Columns From: 4/14/2009 Modern Machine Shop, Irving L. Blackman
In this case, Joe’s son, Steve, wants to buy Success Co. for $1 million. Now, follow these simplified tax numbers: Steve must earn about $1.66 to have $1 left to pay to Joe (typically 40 percent in income tax—State and Federal—on $1.66 is 66 cents in tax). Steve cannot deduct any portion of this $1 because the purchase of stock is a non-deductible capital expenditure.
If Success Co. is a C corporation, any interest paid by Steve is generally non-deductible. However, Steve can make all the interest deductible simply by having Success Co. elect S corporation status.
What about Joe? Steve pays his dad that $1 (plus interest). Joe must pay a capital gains tax (typically 15 percent) on the dollar and pay his top tax bracket (say 40 percent) on the interest income. Okay, Joe has 85 cents left after paying the capital gains tax on the $1. If Joe doesn’t spend that 85 cents, the IRS gets as much as 55 percent (using 2011 rates) for estate taxes when Joe dies.
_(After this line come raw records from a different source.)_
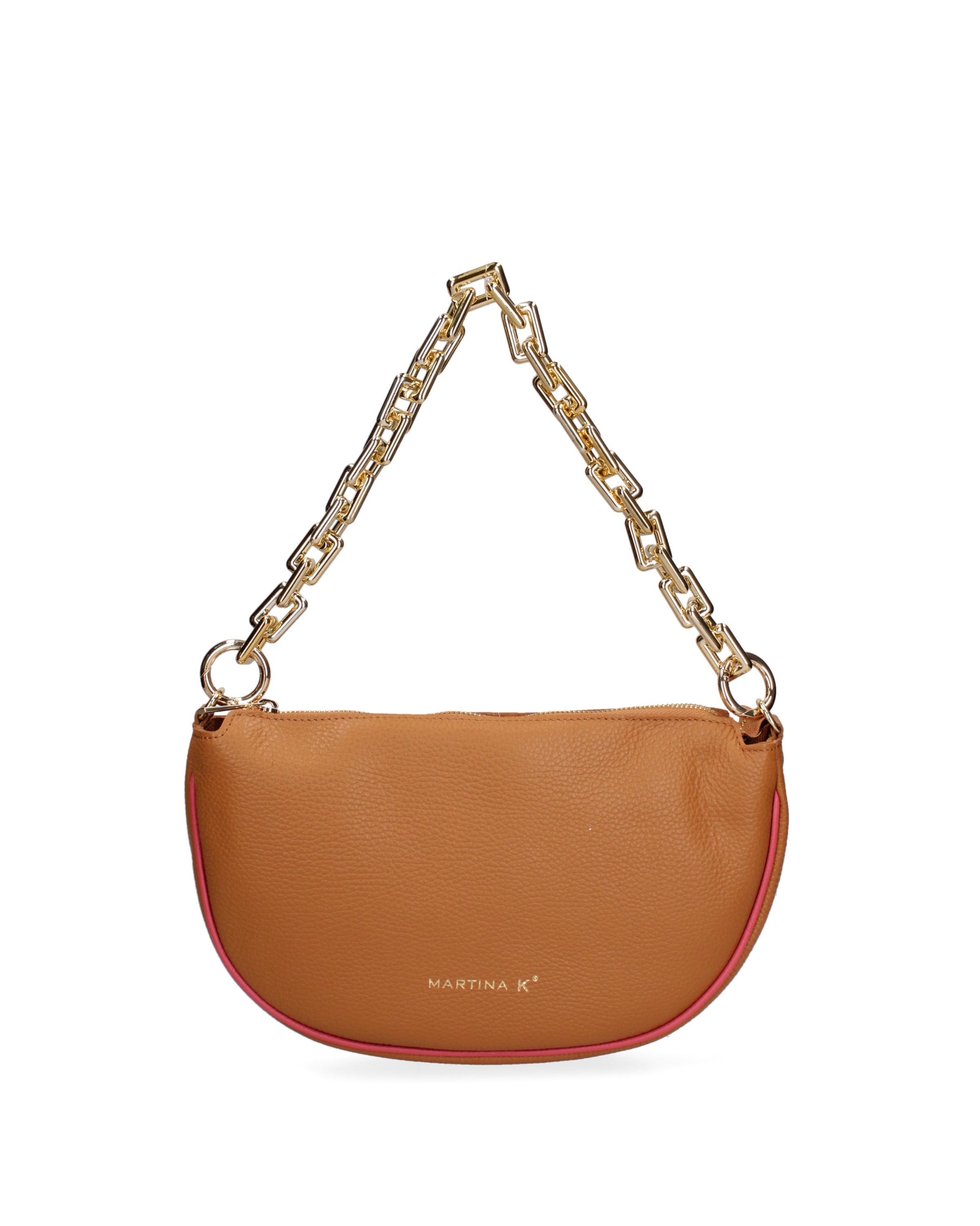 Diese Umhängetasche zeichnet sich durch eine markante Halbmondform aus und bietet ein schickes und kompaktes Accessoire für verschiedene Anlässe. Das Design wird durch einen auffälligen goldfarbenen Kettenriemen ergänzt, der einen Hauch von Eleganz und modernem Flair verleiht. Eine dezente rosa Zierleiste an den Rändern bildet einen verspielten Kontrast zur Hauptfarbe der Tasche.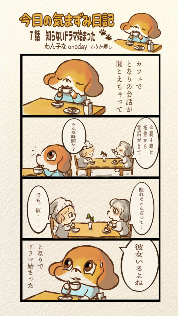 今日の気まずみ日記#7 #7知らないドラマ カフェでコーヒーを飲んでいたら、 となりの席から物語が始まった。 登場人物も関係性も知らないのに、 第一話を全部見てしまった気がする。 私はただの客。 でも席を立つまで、 チャンネルは変えられなかった。 作成者: rs1501200 ふんわり、ぷっくりのイラストで絵本をかいています。 リスやこぶたなどの動物のイラストが得意です。 千葉県在住 rs1501200のすべての投稿を表示。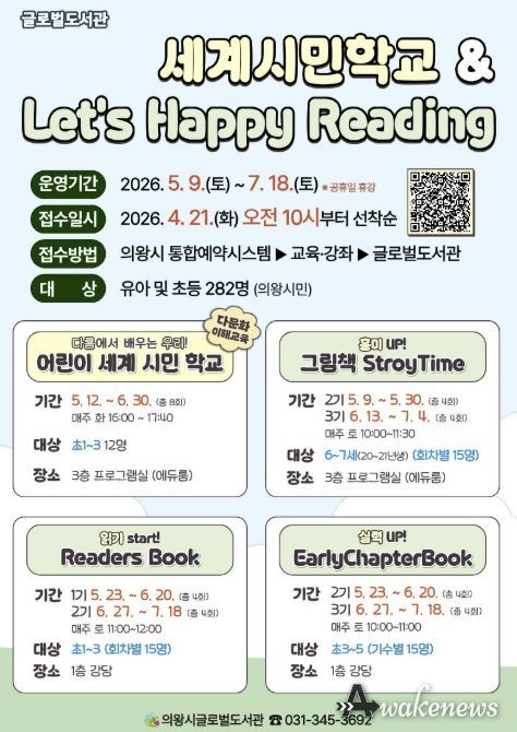 어웨이크뉴스 오경하 기자 | 의왕시 글로벌도서관이 책을 통해 세상을 이해하고 체험하는 다문화 이해 프로그램 '어린이 세계 시민 학교'와 영어 읽기 문해력 향상을 위한 단계별 맞춤 프로그램 'Let’s Happy Reading'의 참여자를 모집한다.

That’s another 47 cents for the tax monster, leaving Joe’s heirs with only 38 cents.
Let’s review: Steve must make $1.66 for Joe to leave his family 38 cents. Or, using the actual values, Steve must make $1,660,000, while Joe’s family only gets $380,000. That is lousy tax planning.
Now, let’s put some meat on ‘dem bones. Suppose Success Co. is worth $6 million. Yes, Steve has to earn $10 million ($6 million times 1.6667) for this family to keep $3.8 million. That’s nuts.
Fortunately, the tax law has a flaw, offering a way to transfer your business to your kid(s). If you are lucky enough to own a family business that is currently enjoying big profits or larger profits each year, the sooner you make the transfer, the better. You will freeze the value of your business and stop the potential loss of estate taxes on your increasing wealth.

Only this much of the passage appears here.